When I was developing a project four years ago that would provide the opportunity for me to work with STRIDE students (our most accomplished incoming first-year students, who are offered a research assistantship with a faculty member), I first imagined writing a history of the college that would contain these stories and many others. In talking with our excellent archivist, Nanci Young, she convinced me that a better form for the project would be an online encyclopedia. Thus, Smithipedia was born. Over the past four years, I have worked with thirteen students—the “Smithipedists”—on the project, and they have built a fascinating and valuable resource.
I’ve encouraged the students to follow their interests, and they have made some remarkable discoveries. Natalie Sargent ’12 has been researching the story of the British children sheltered in Northampton (and the President’s House) from the bombing of Britain. Last year, Kaitlin Hovanes ’12 discovered the history of secret societies at Smith—the Ancient Order of Hibernians and the Orangemen; since then, I’ve spoken with alumnae who were members. Kaitlin has also researched social dances throughout Smith history and ghost stories. Alexandra Ghiz ’12 wrote a series of articles on the history of all things musical at Smith, including a catalog of its bells. Natasha Zuniga ’13 has been working on buildings—finding information about the atom smasher once in Lilly Hall and the social hall in College Hall; Natasha is now working on the history of student activism at Smith. Emma Forrest ’11 did research on the Smith College Relief Unit, and Fatima Vasconez ’10 hunted down as many references as she could find to Smith in popular culture. The Smithipedists have learned how to take oral histories, and they have begun to post stories of alumnae, including Gloria Heath ’43, a pioneering aviator and key figure in aviation safety, and Nell Taylor ’51, who, as president of the SGA, made headlines as “The First Negro to Lead Smith Student Council.”
You can read all of these articles, and more on the site: http://sophia.smith.edu/blog/smithipedia/.

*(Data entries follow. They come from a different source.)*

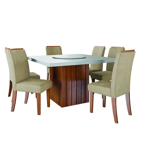 O conjunto de Mesa Amsterdã New com 6 cadeiras Grécia é uma combinação perfeita de charme e sofisticação para qualquer ambiente. A mesa apresenta um tampo giratório para ajudar nas refeições em MDF de alta resistência, com base ripada que adiciona um toque de elegância proporcionando flexibilidade e funcionalidade. A Cadeira Grécia é uma peça de destaque que traz estilo e conforto para o seu espaço. Com assento acolchoado e encosto bordado com espaldar, ela é revestida com tecido Veluplus de alta qualidade, que oferece toque macio e durabilidade excepcional. Feita com materiais resistentes e fáceis de limpar, a cadeira recebe um acabamento com quatro camadas de proteção, garantindo maior durabilidade e resistência.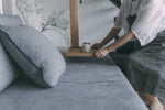 天板の一部がそのまま着脱可能なトレーになっており、飲み物やお菓子などを載せたまま、ソファからキッチン、あるいは別の部屋へとスムーズに持ち運びができます。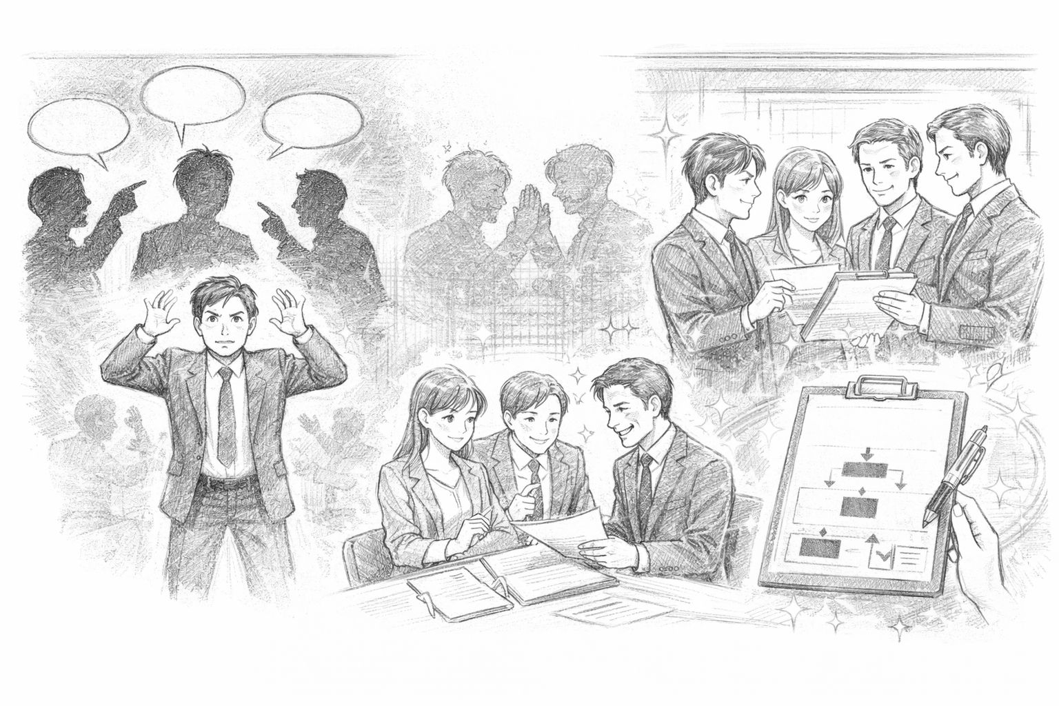 技術的な話ではなく、組織の合意形成の話です。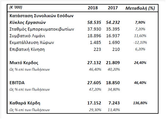 αποσβέσεων, (EBITDA) εμφάνισαν αύξηση κατά 18,49%, στα 46,99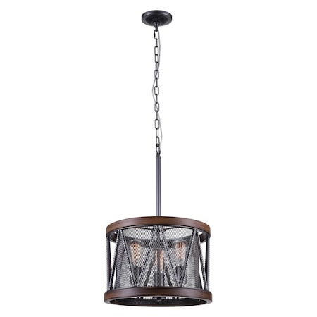 This Parsh 3 Light Chandelier is the perfect lighting option to pair with your barn door and exposed wood beams. Exuding a down-to-earth feel, this drum shade chandelier in pewter casts light that is cozy and warm. The metal mesh drum shade measures 16 inches in diameter and is perfectly finished by a brown wood grain frame.Lighting is jewelry for the home, and there is the perfect piece for every room. This fixture is done in a beautiful pewter finish which could be the missing piece to lighten up and fall in love with your space all over again.<br/><br/>Features :<br/><br/>- Feel confident with your purchase and rest assured. This fixture comes with a one year warranty against manufacturers defects to give you piece of mind that your product will be in perfect condition.<br/>- Dimensions: H 22" x W 16" x L 16"<br/>- Pewter Finish - E26 Bulb Not Included - Indoor (Dry Location)<br/>- cETLus Approved<br/>- Includes Assembly Instructions and Hardware<br/>- Compatible With Standard Low Voltage Dimmer.<br/><br/>Specifications :<br/><br/>- Number of Lights : 3<br/>- Voltage : 120v<br/>- Bulb Type : E26<br/>- Warranty Description : One year warranty against manufacturers defect<br/>- Installation Type : Hardwired<br/>- Material : Metal.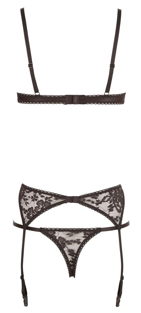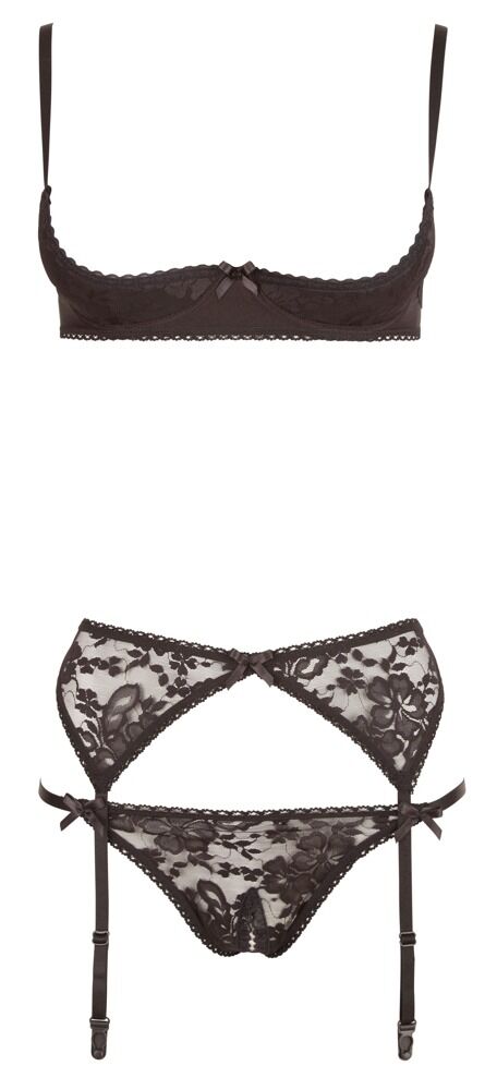 Öppen BH, öppen string och höfthållare i ett set. Alla tre delar av svart, elastisk spets. BH´n har lätt polstrade bygelkupor, riostringen är upphetsande öppen i grenen. 90% polyamid, 10% elastan. Utan strumpor.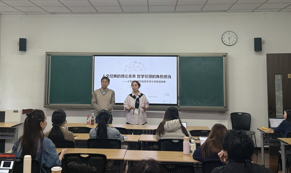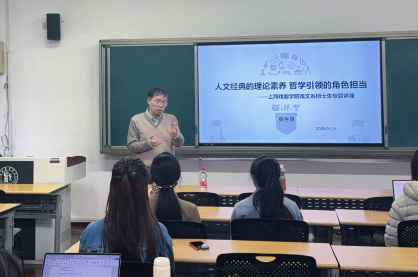 2026年4月16日,上海戏剧学院戏文系特邀张生泉教授,带来一场题为“人文经典的理论素养与哲学引领的角色担当”的专题讲座,这也是博士生课程《戏剧学及人文经典前沿理论研究》第三讲。原定三小时的讲座竟在张老师声情并茂的讲课与同学们热情投入的听课中延伸至四小时。以深厚的学养、鲜活的案例、真挚的情怀,将哲学思辨、戏剧教育、人生阅历与时代使命熔于一炉,是这次讲座的主线。它既有高屋建瓴的理论高度,又有直抵人心的实践温度,为在场学子献上一堂兼具思想力、感染力与启发性的学术盛宴。
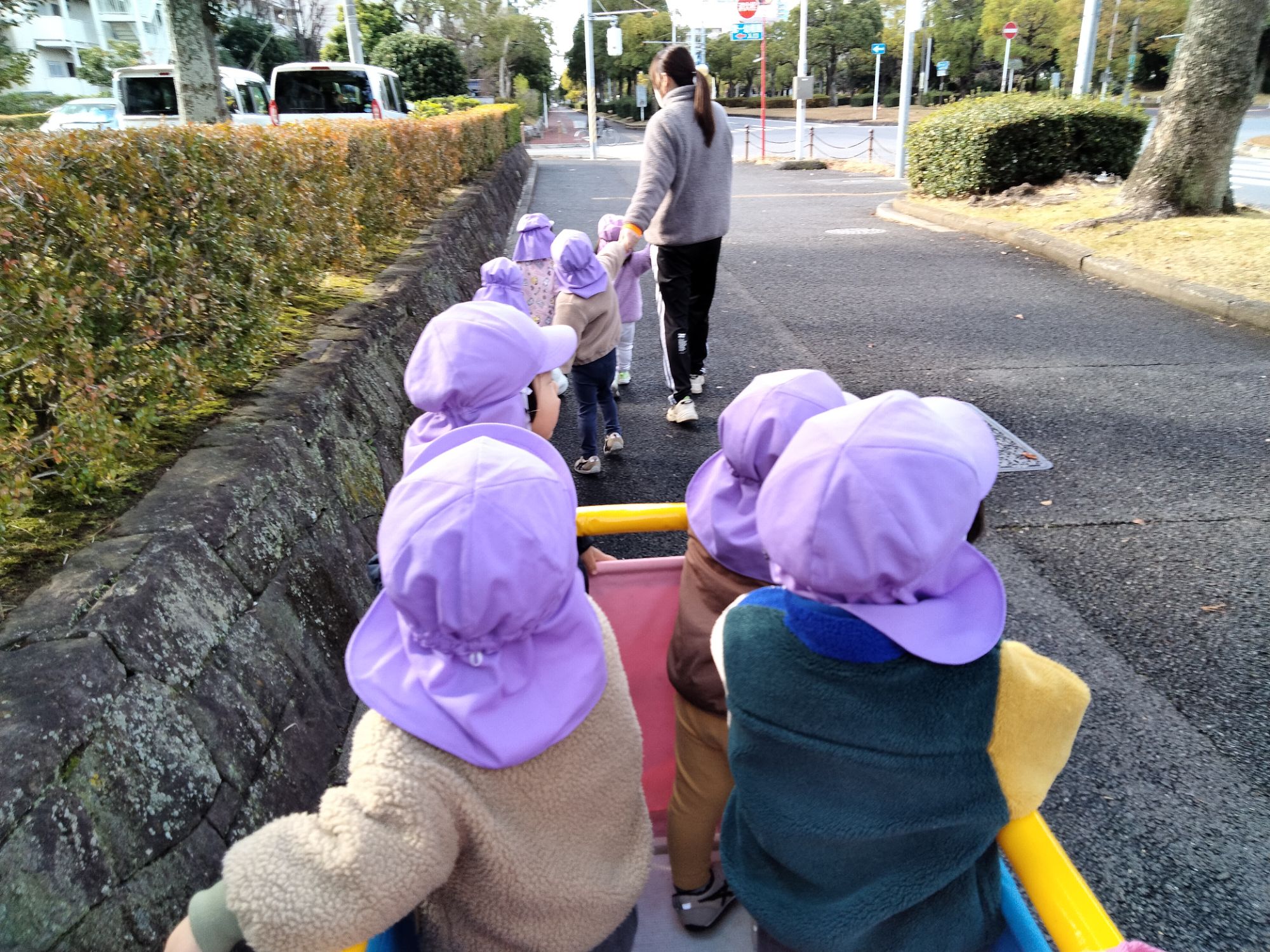 進級へ向けて、友だちとペアになって手を繋ぎ歩く練習を始めたにじ組さん🌈交通ルールを守り、左右の確認をしてから道路を渡ったり、手を挙げて横断歩道を渡ったりしています🤚

I have written this column both to encourage you to explore the site, and, even more importantly, to contribute to it. The history of the college rests in your experience. At Smith I have been deeply moved by the daily realization of the generations of women who have walked the same paths, lived and worked in the same buildings, found beauty in the same vistas. We can only know that history in a full way by discovering and telling it. Smithipedia is a small effort in that direction, providing everyone in the Smith community some understanding of the remarkable story of which we are a part.